= EXERCISE =
Return every record verbatim.

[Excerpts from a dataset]

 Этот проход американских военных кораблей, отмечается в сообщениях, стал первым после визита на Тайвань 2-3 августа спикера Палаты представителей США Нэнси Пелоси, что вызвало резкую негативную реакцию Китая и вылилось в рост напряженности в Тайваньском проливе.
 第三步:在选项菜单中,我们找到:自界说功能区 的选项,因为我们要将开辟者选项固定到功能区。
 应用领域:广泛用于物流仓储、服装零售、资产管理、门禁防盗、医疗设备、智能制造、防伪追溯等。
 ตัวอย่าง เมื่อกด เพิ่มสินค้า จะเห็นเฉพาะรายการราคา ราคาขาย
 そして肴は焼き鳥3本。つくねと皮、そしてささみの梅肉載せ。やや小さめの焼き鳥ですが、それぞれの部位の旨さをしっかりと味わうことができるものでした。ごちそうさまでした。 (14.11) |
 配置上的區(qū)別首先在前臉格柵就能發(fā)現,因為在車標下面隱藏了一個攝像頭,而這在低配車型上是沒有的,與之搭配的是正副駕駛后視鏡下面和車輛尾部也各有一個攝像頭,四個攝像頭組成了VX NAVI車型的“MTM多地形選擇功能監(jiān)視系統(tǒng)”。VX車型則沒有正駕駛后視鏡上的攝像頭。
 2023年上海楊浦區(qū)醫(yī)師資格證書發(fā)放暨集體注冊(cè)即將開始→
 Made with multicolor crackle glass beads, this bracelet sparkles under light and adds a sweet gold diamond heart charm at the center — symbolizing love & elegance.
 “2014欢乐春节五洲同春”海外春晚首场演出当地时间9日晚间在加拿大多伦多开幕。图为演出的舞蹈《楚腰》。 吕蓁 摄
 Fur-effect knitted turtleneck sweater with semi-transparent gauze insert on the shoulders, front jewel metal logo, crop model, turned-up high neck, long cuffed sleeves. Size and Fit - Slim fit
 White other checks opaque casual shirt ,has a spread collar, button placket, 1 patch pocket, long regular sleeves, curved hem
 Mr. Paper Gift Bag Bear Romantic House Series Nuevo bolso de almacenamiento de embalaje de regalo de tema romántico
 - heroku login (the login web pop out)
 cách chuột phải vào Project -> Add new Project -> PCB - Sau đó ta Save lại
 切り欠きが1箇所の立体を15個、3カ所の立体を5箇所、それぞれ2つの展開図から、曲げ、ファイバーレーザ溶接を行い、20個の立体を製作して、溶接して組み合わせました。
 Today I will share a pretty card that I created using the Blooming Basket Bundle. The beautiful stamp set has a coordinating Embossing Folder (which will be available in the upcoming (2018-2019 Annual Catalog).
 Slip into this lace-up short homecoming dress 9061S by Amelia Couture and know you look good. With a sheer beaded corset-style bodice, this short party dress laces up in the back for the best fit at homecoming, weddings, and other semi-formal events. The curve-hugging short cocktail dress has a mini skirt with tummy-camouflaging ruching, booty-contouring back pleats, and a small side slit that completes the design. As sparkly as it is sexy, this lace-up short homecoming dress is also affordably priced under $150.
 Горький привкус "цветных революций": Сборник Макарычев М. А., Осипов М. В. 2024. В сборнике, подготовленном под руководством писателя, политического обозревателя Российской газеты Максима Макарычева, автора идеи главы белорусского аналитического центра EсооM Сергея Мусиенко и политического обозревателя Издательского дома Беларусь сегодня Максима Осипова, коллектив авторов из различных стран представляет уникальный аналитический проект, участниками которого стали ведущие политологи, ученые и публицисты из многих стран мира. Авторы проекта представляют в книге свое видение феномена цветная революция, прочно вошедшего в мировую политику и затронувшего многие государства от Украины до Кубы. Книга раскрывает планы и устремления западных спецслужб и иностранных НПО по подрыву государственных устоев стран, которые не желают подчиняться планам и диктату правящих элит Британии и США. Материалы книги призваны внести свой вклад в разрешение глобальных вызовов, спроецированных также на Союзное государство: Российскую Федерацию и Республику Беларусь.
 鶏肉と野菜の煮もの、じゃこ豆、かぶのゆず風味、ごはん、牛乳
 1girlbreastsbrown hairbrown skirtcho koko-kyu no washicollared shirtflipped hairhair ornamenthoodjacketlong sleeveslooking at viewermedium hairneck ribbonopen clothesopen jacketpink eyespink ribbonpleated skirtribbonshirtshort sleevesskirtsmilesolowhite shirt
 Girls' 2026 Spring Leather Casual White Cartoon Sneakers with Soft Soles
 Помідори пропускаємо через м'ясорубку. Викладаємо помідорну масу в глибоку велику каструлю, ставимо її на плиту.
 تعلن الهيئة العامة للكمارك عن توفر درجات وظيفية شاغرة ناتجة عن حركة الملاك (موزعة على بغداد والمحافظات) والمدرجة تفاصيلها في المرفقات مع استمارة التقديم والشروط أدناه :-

= ANSWER TO THE PROBLEM =
 Этот проход американских военных кораблей, отмечается в сообщениях, стал первым после визита на Тайвань 2-3 августа спикера Палаты представителей США Нэнси Пелоси, что вызвало резкую негативную реакцию Китая и вылилось в рост напряженности в Тайваньском проливе.
 第三步:在选项菜单中,我们找到:自界说功能区 的选项,因为我们要将开辟者选项固定到功能区。
 应用领域:广泛用于物流仓储、服装零售、资产管理、门禁防盗、医疗设备、智能制造、防伪追溯等。
 ตัวอย่าง เมื่อกด เพิ่มสินค้า จะเห็นเฉพาะรายการราคา ราคาขาย
 そして肴は焼き鳥3本。つくねと皮、そしてささみの梅肉載せ。やや小さめの焼き鳥ですが、それぞれの部位の旨さをしっかりと味わうことができるものでした。ごちそうさまでした。 (14.11) |
 配置上的區(qū)別首先在前臉格柵就能發(fā)現,因為在車標下面隱藏了一個攝像頭,而這在低配車型上是沒有的,與之搭配的是正副駕駛后視鏡下面和車輛尾部也各有一個攝像頭,四個攝像頭組成了VX NAVI車型的“MTM多地形選擇功能監(jiān)視系統(tǒng)”。VX車型則沒有正駕駛后視鏡上的攝像頭。
 2023年上海楊浦區(qū)醫(yī)師資格證書發(fā)放暨集體注冊(cè)即將開始→
 Made with multicolor crackle glass beads, this bracelet sparkles under light and adds a sweet gold diamond heart charm at the center — symbolizing love & elegance.
 “2014欢乐春节五洲同春”海外春晚首场演出当地时间9日晚间在加拿大多伦多开幕。图为演出的舞蹈《楚腰》。 吕蓁 摄
 Fur-effect knitted turtleneck sweater with semi-transparent gauze insert on the shoulders, front jewel metal logo, crop model, turned-up high neck, long cuffed sleeves. Size and Fit - Slim fit
 White other checks opaque casual shirt ,has a spread collar, button placket, 1 patch pocket, long regular sleeves, curved hem
 Mr. Paper Gift Bag Bear Romantic House Series Nuevo bolso de almacenamiento de embalaje de regalo de tema romántico
 - heroku login (the login web pop out)
 cách chuột phải vào Project -> Add new Project -> PCB - Sau đó ta Save lại
 切り欠きが1箇所の立体を15個、3カ所の立体を5箇所、それぞれ2つの展開図から、曲げ、ファイバーレーザ溶接を行い、20個の立体を製作して、溶接して組み合わせました。
 Today I will share a pretty card that I created using the Blooming Basket Bundle. The beautiful stamp set has a coordinating Embossing Folder (which will be available in the upcoming (2018-2019 Annual Catalog).
 Slip into this lace-up short homecoming dress 9061S by Amelia Couture and know you look good. With a sheer beaded corset-style bodice, this short party dress laces up in the back for the best fit at homecoming, weddings, and other semi-formal events. The curve-hugging short cocktail dress has a mini skirt with tummy-camouflaging ruching, booty-contouring back pleats, and a small side slit that completes the design. As sparkly as it is sexy, this lace-up short homecoming dress is also affordably priced under $150.
 Горький привкус "цветных революций": Сборник Макарычев М. А., Осипов М. В. 2024. В сборнике, подготовленном под руководством писателя, политического обозревателя Российской газеты Максима Макарычева, автора идеи главы белорусского аналитического центра EсооM Сергея Мусиенко и политического обозревателя Издательского дома Беларусь сегодня Максима Осипова, коллектив авторов из различных стран представляет уникальный аналитический проект, участниками которого стали ведущие политологи, ученые и публицисты из многих стран мира. Авторы проекта представляют в книге свое видение феномена цветная революция, прочно вошедшего в мировую политику и затронувшего многие государства от Украины до Кубы. Книга раскрывает планы и устремления западных спецслужб и иностранных НПО по подрыву государственных устоев стран, которые не желают подчиняться планам и диктату правящих элит Британии и США. Материалы книги призваны внести свой вклад в разрешение глобальных вызовов, спроецированных также на Союзное государство: Российскую Федерацию и Республику Беларусь.
 鶏肉と野菜の煮もの、じゃこ豆、かぶのゆず風味、ごはん、牛乳
 1girlbreastsbrown hairbrown skirtcho koko-kyu no washicollared shirtflipped hairhair ornamenthoodjacketlong sleeveslooking at viewermedium hairneck ribbonopen clothesopen jacketpink eyespink ribbonpleated skirtribbonshirtshort sleevesskirtsmilesolowhite shirt
 Girls' 2026 Spring Leather Casual White Cartoon Sneakers with Soft Soles
 Помідори пропускаємо через м'ясорубку. Викладаємо помідорну масу в глибоку велику каструлю, ставимо її на плиту.
 تعلن الهيئة العامة للكمارك عن توفر درجات وظيفية شاغرة ناتجة عن حركة الملاك (موزعة على بغداد والمحافظات) والمدرجة تفاصيلها في المرفقات مع استمارة التقديم والشروط أدناه :-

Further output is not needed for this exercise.